The House version of the current bailout bill actually contains some worthwhile oversight of the industry, including a requirement for a long-term restructuring plan by next March. Indeed, under that version of the legislation, the auto companies would have ended up at least partially controlled by Washington regulators. For an industry that has resisted nearly every environmental and safety innovation, from the catalytic converter to the air bag, this was a nightmare writ large.
In his congressional testimony, General Motors CEO Rick Wagoner stressed that his company was already moving toward more fuel-efficient vehicles. He tried to make clear that GM has a new set of priorities, pointing to nine hybrid models the company will have out next year. And he also touted the forthcoming Chevy Volt, a sophisticated plug-in hybrid (with a small gas engine used solely to generate electricity) that GM hopes can achieve 100 mpg.
“We felt we were well on the road to turning around the North American business,” said Wagoner. “Since then, the industry and the economy have been hit hard by the global financial crisis.” The Volt survives, but financial woes have forced GM to postpone the plug-in version of its Saturn Vue Hybrid.

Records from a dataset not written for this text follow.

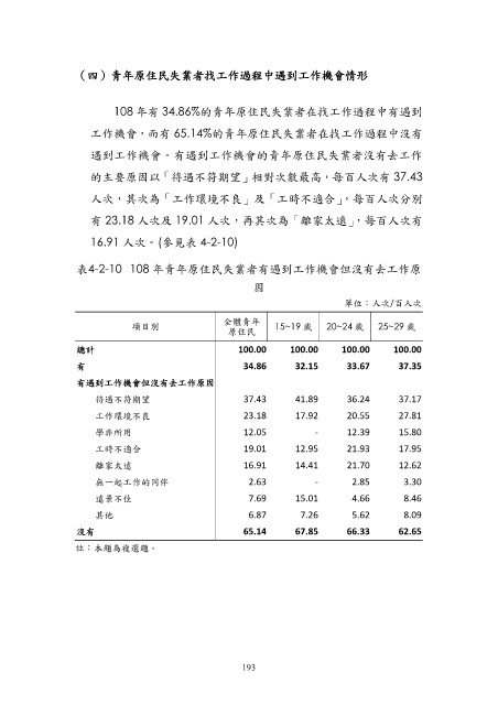 工作機會,而有 65.14%的青年原住民失業者在找工作過程中沒有
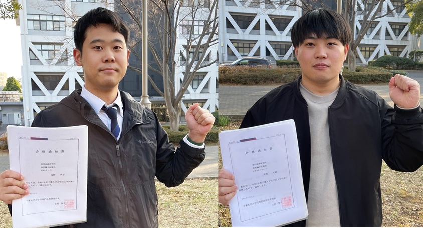法学部4年生の若梅大輔さんと浅野柊平さんがこのほど、千葉大学大学院専門法務研究科(法科大学院)に合格。法学既修者が対象の2年コースに入学し、司法試験の受験資格取得を目指す。
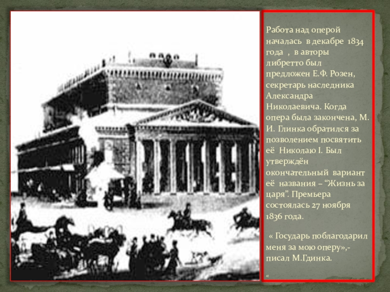 либретто был предложен Е.Ф. Розен, секретарь наследника Александра Николаевича. Когда опера была закончена, М.И. Глинка обратился за позволением посвятить её Николаю I. Был утверждён окончательный вариант её названия – “Жизнь за царя”. Премьера состоялась 27 ноября 1836 года.
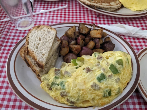 It took 35 minutes to get served.My home fries tasted old and my eggs were runny, the girls enjoyed niether their pancakes or their french toast, but liked the hot cocoa.
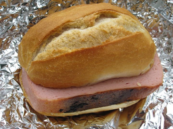 Leberkassemmel is a classic Bavarian and Austrian sandwich. The sandwich is made with a thick slice of leberkase which is a product that consists of ground meat baked into a meatloaf. Condiments include mustard and pickles.
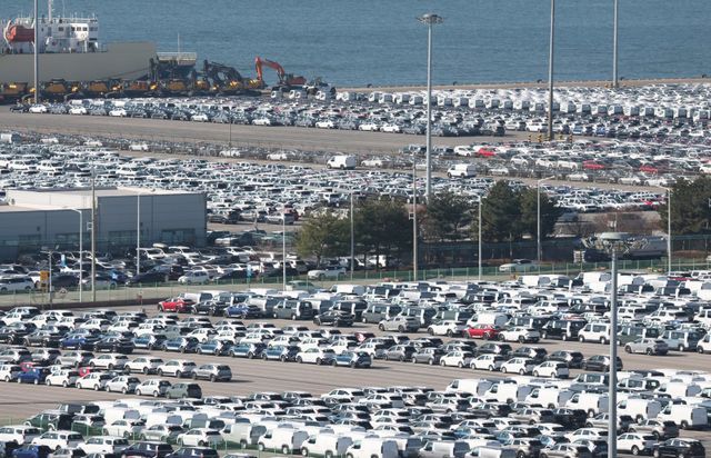 4일 경기 평택시 포승읍 평택항에 수출용 차량이 세워져 있다. 한국산 자동차 관세를 15%로 인하하는 내용이 3일(현지시간) 미국 정부 관보에 게재됐다. 이 관보는 현지시간으로 4일 공식 게재돼 발효되며 인하 조치는 2025년 11월 1일 이후 수입 건부터 소급 적용된다. 2025.12.4/뉴스1
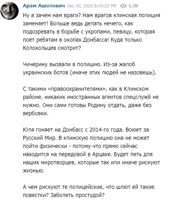 В самой повестке причина вызова на допрос не уточняется. Однако, судя по комментариям певицы и ее знакомых, полиция заинтересовалась Чичериной из-за «жалоб украинских ботов».
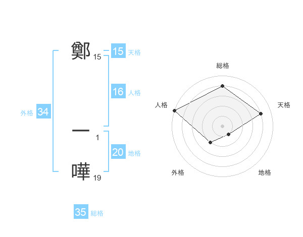 鄭 一嘩さんを姓名の画数から五運を鑑定
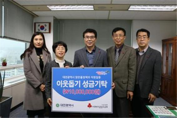 [세종TV-김선규 기자] 대전광역시는 지난 22일 공공하수도 평가에서 최우수 포상금으로 받은 포상금 1천만 원을 이웃돕기 성금으로 기부했다고 밝혔다.
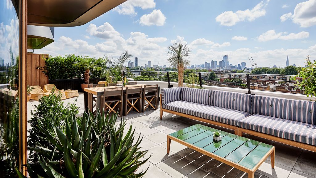 Find California cool in the heart of Kings Cross. At 130 – 132 square meters (1,399 – 1,421 square feet), that’s 68 square meters (732 square feet) of indoor space with a 62-64 square meters (667-689 square feet) terrace, with multiple areas to lounge. The Deluxe Studio Suite features abundant natural daylight and triple-glazed windows for a quiet night’s sleep. Make yourself at home with 24-hour room service, fluffy down pillows, fancy sheets, bespoke bathrobes, a Bang & Olufsen Bluetooth speaker and a minibar, overstocked with tasty treats. As a suite guest, you can also get a Peloton bike delivered directly to your room on request, a Stutterheim raincoat for use across your stay, complimentary sneaker cleaning service, turndown service and yummy minibar additions.
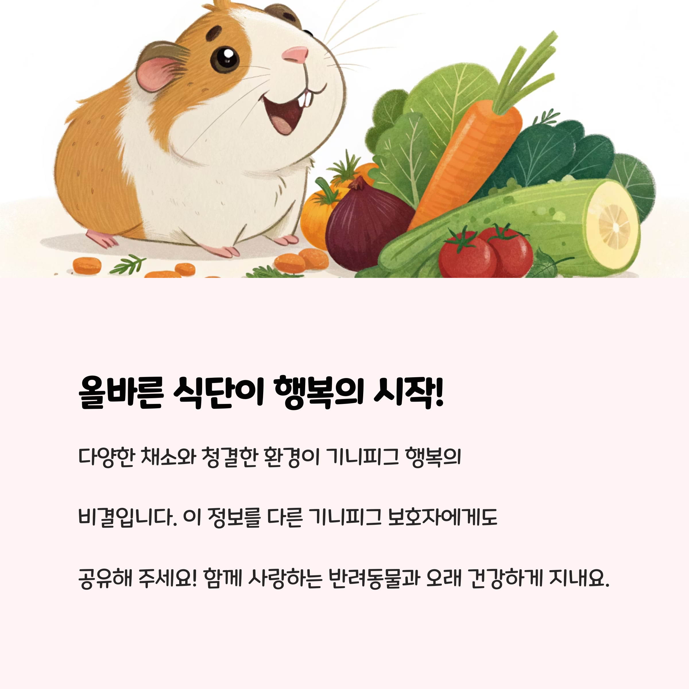 기니피그의 건강과 행복은 올바른 먹이 선택에서 시작됩니다. 비타민 C가 풍부하고, 섬유질이 많은 신선한 채소를 소량씩 다양하게 급여하고, 육류, 유제품, 양파류, 감자, 견과류, 가공식품 등은 절대 피해야 합니다. 이 기본 원칙만 철저히 지켜도, 기니피그와 오랜 시간 건강하게 함께할 수 있습니다.
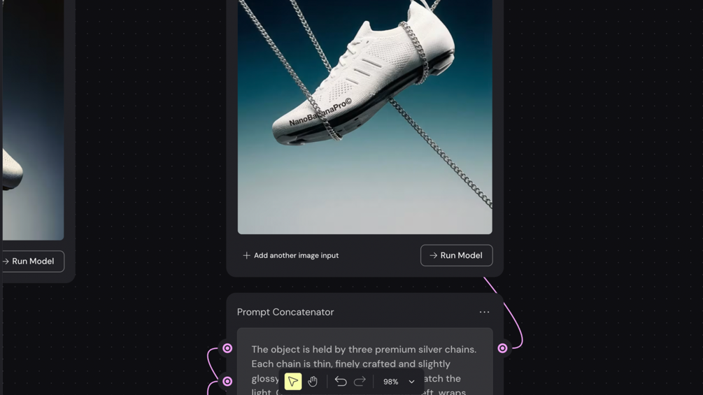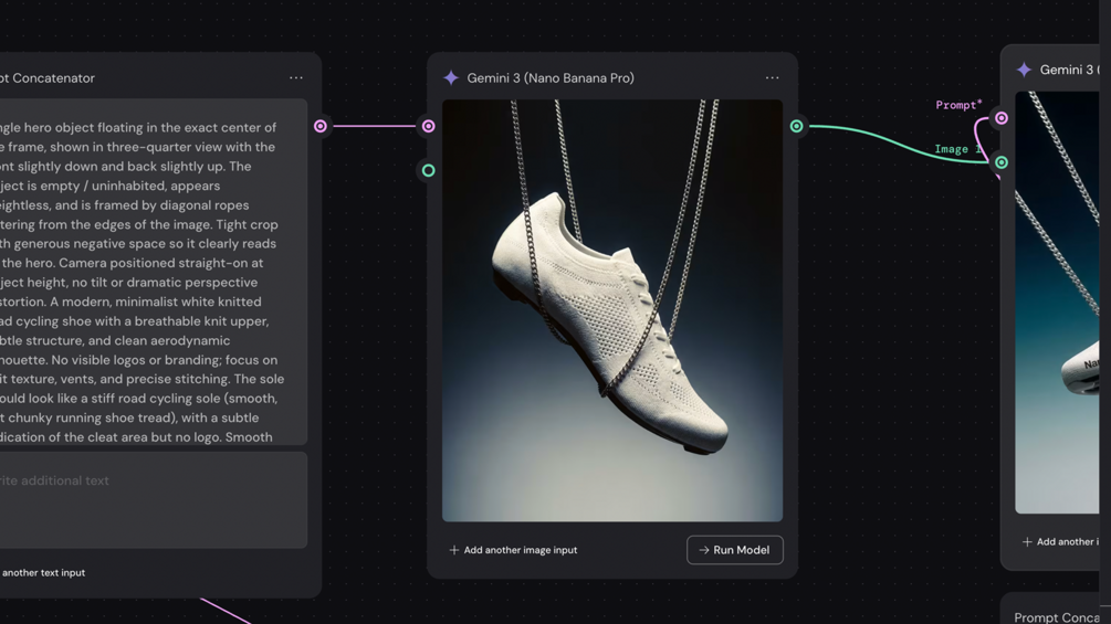 This workflow walks you through my exact Weavy setup to go from a single prompt → polished hero still → 5-second product video where the object floats, the chains subtly move, and everything tightens into a final premium composition. Everything is broken down into modular blocks – Composition, Product, Background, Lighting, Analog Film Look, Details, Format + Motion – so you can swap the shoe for any product without rewriting your prompts from scratch.

GM said in a statement that it “intends to deliver a plan to Congress that shows them a viable General Motors.” Greg Martin, GM’s spokesperson in Washington, D.C., told Yale Environment 360 that the company is finally willing to accept rigorous government oversight. Martin said the company accepts and will meet the 35-mpg fuel economy standards that were passed as part of last year’s energy bill. And he maintains that GM really wants to do the right thing. “When you look at our evolving product plans, even under extraordinary circumstances, the one program that has remained untouched with full funding is the Chevrolet Volt,” Martin said.
But not even the rosiest analysis would show Detroit reversing its fortunes with fairly expensive, low-volume products like the Volt, which is scheduled to appear in late 2010 as a 2011 model. Far more systemic change is needed. The cars rolling off American assembly lines—and soon—need to be as affordable and versatile as the Honda Fit, as well-made as the Nissan Maxima, and, of course, as environmentally friendly as the highly fuel-efficient, extremely low-emission Toyota Prius. Meanwhile, Detroit’s research labs will have to work overtime inventing competitive clean cars for the future.